Estudos apresentados no Ministério Público do Estado da Bahia (MPBA) apontam que o estacionamento localizado no Complexo da Pupileira, pertencente à Santa Casa de Misericórdia, no Campo da Pólvora, em Salvador, abriga os restos mortais de mais de 100 mil pessoas escravizadas. O resultado da pesquisa arqueológica foi apresentado no último dia 21, durante reunião com representantes do Iphan, Ipac e Fundação Gregório de Mattos.
Segundo os pesquisadores, o local funcionou por cerca de 175 anos como cemitério de pessoas que viviam à margem da sociedade, como escravizados, pobres, indigentes, não batizados, excomungados, suicidas, prostitutas, criminosos e insurgentes — entre eles, líderes da Revolta dos Malês.

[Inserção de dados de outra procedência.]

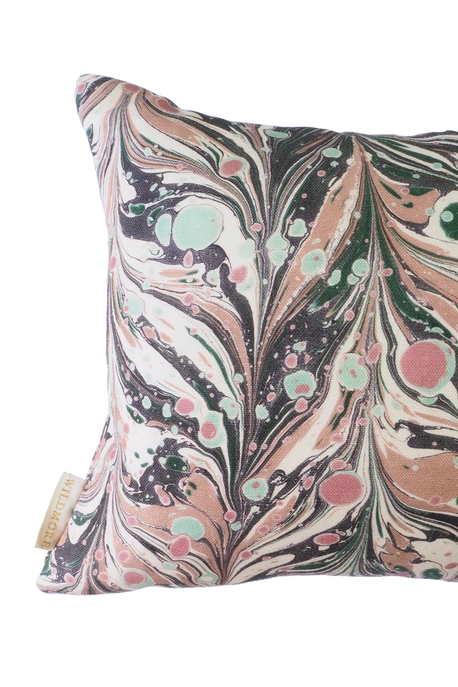 This bold Obliquus design was first created using the ancient art of water marbling by the talented local artisan, The Whimsical Marbler. This Obliquus bolster has then been printed in the UK and hand made in Wildmore's studio in Lincolnshire. Wonderfully crafted from cotton linen in the Wildmore studio, this timeless cushion will feel at home in any décor scheme. This bolster cushion is the perfect size for your favourite chair or for scattering among your collection of cushions.

“É um tema de relevância para a formação da memória social e coletiva da Bahia e do país, pois estamos falando de séculos em que pessoas foram retiradas de seu território de maneira forçada para serem escravizadas e que tiveram seus laços quebrados e memórias apagadas”, afirmou a arqueóloga Jeanne Almeida, responsável pelo estudo.

Estudos indicam mais de 100 mil corpos de escravizados sob estacionamento da Pupileira em Salvador
Atualmente, a área é utilizada como estacionamento. A partir da recomendação do Instituto do Patrimônio Histórico e Artístico Nacional (Iphan), o MPBA irá solicitar à Santa Casa a suspensão imediata do uso do espaço.
“Nosso objetivo é garantir a proteção do local enquanto sítio arqueológico de memória sensível e promover um processo de reparação histórica, rompendo o ciclo de silenciamento desses grupos”, disse o promotor de Justiça Alan Cedraz, coordenador do Núcleo de Defesa do Patrimônio Histórico, Artístico e Cultural (Nudephac).

Estudos indicam mais de 100 mil corpos de escravizados sob estacionamento da Pupileira em Salvador
A reunião contou ainda com as promotoras de Justiça Cristina Seixas e Lívia Sant’Anna Vaz, além de representantes da Santa Casa de Misericórdia, da Fundação Gregório de Mattos (FGM) e do Instituto do Patrimônio Artístico e Cultural da Bahia (Ipac).
A pesquisa, realizada entre os dias 13 e 23 de maio de 2025, identificou fragmentos ósseos humanos e materiais arqueológicos compatíveis com o antigo cemitério. O estudo integra um conjunto de ações iniciadas em dezembro de 2024, com a assinatura de um termo de cooperação técnica entre o MPBA, a Santa Casa e o grupo de pesquisadores.
A arquiteta e pesquisadora Silvana Olivieri e o advogado e professor Samuel Vida reforçaram a importância de reconhecer o local como Sítio Arqueológico Cemitério dos Africanos, pedido já encaminhado ao Iphan. O órgão, por sua vez, recomendou a proteção integral da área e a criação de um memorial aberto ao público para preservar a memória das pessoas ali enterradas.